HitmanPro.Alert Slows Software Protection Service

On one Windows Server 2012R2 Essentials machine, the Software Protection Service, which runs once an hour or so to verify licenses, was usually failing to start within 30 seconds, raising a Service Control Manager 7000 error in the System event log.

Log Name: System
Source: Service Control Manager
Event ID: 7009
Level: Error
Description: A timeout was reached (30000 milliseconds) while waiting for the Software Protection service to connect.

Following the advice of a representative in the Microsoft partner forum, I increased the timeout for all services to 60 seconds. In this key:

HKEY_LOCAL_MACHINE\SYSTEM\CurrentControlSet\Control

I set the value for ServicesPipeTimeout to 60000 milliseconds. That stopped the 7000 error for several months.

It’s Back

Recently, though, the error started happening again:  the service was no longer able to start within 60 seconds. It did start eventually, though, usually taking 65 seconds or so. This would sometimes causes a popup message in the Essentials dashboard that the license could not be verified and to try later. Even running slmgr /dli from the command line to show the license status failed intermittently.

Hitman.Pro File Filter Slowdown

The server is running the 64-bit version of Hitman.Pro Alert 2.6.5. I’d already seen how the HitmanPro.Alert file filter caused strange issues installing OS software (HitmanPro.Alert Blocks .NET 3.5 Install). Could it be slowing down the Software Protection Service?

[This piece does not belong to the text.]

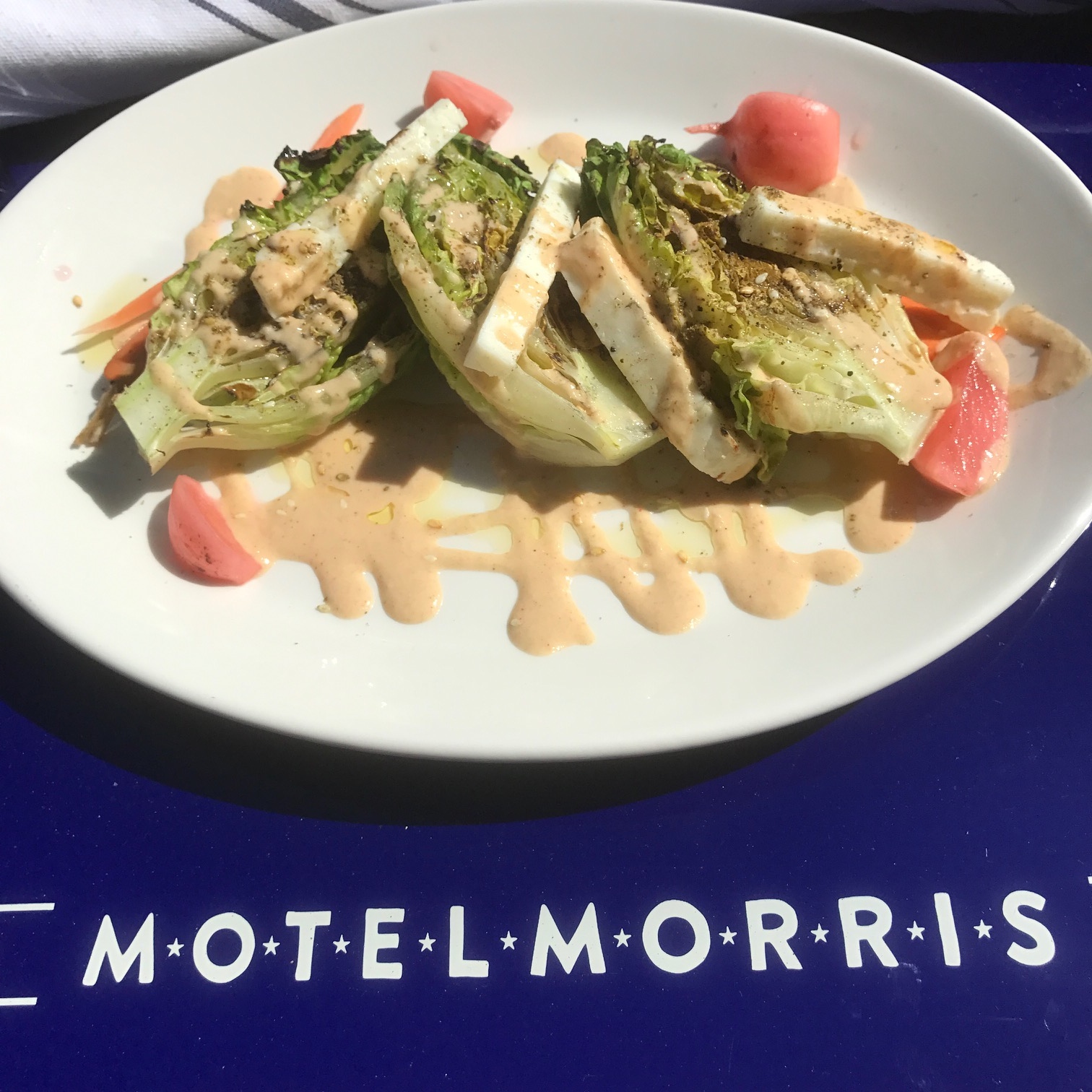 Grilled Little Gem Lettuce with pickled vegetables and za’atar lemon tahini was crisp and delicious accentuated by grilled Haloumi cheese ($14).

I tried disabling the CryptoGuard feature, which, as explained in the article on .NET 3.5, removes the hmpalert file filter:

HitmanPro.Alert CryptoGuard

You can see the active filters by running fltmc filters from the command line.

After disabling CryptoGuard, the Software Protection Service starts in 3 or 4 seconds.

CryptoGuard is the main reason I installed HitmanPro.Alert—to detect and block potential ransomware encryption. But if the feature is also blocking basic operating system functionality, I’ll have to leave it disabled. (Note that I have not tested this with the HitmanPro 3, which includes CryptoGuard in its paid version.)

Update January 3, 2016

It seems disabling the CryptoGuard feature was not enough:  the 7000 errors returned overnight, albeit with the global ServicesPipeTimeout registry value set back to the 30-second default. I have now completely uninstalled HitmanPro.Alert and the 7000 errors seem to have stopped.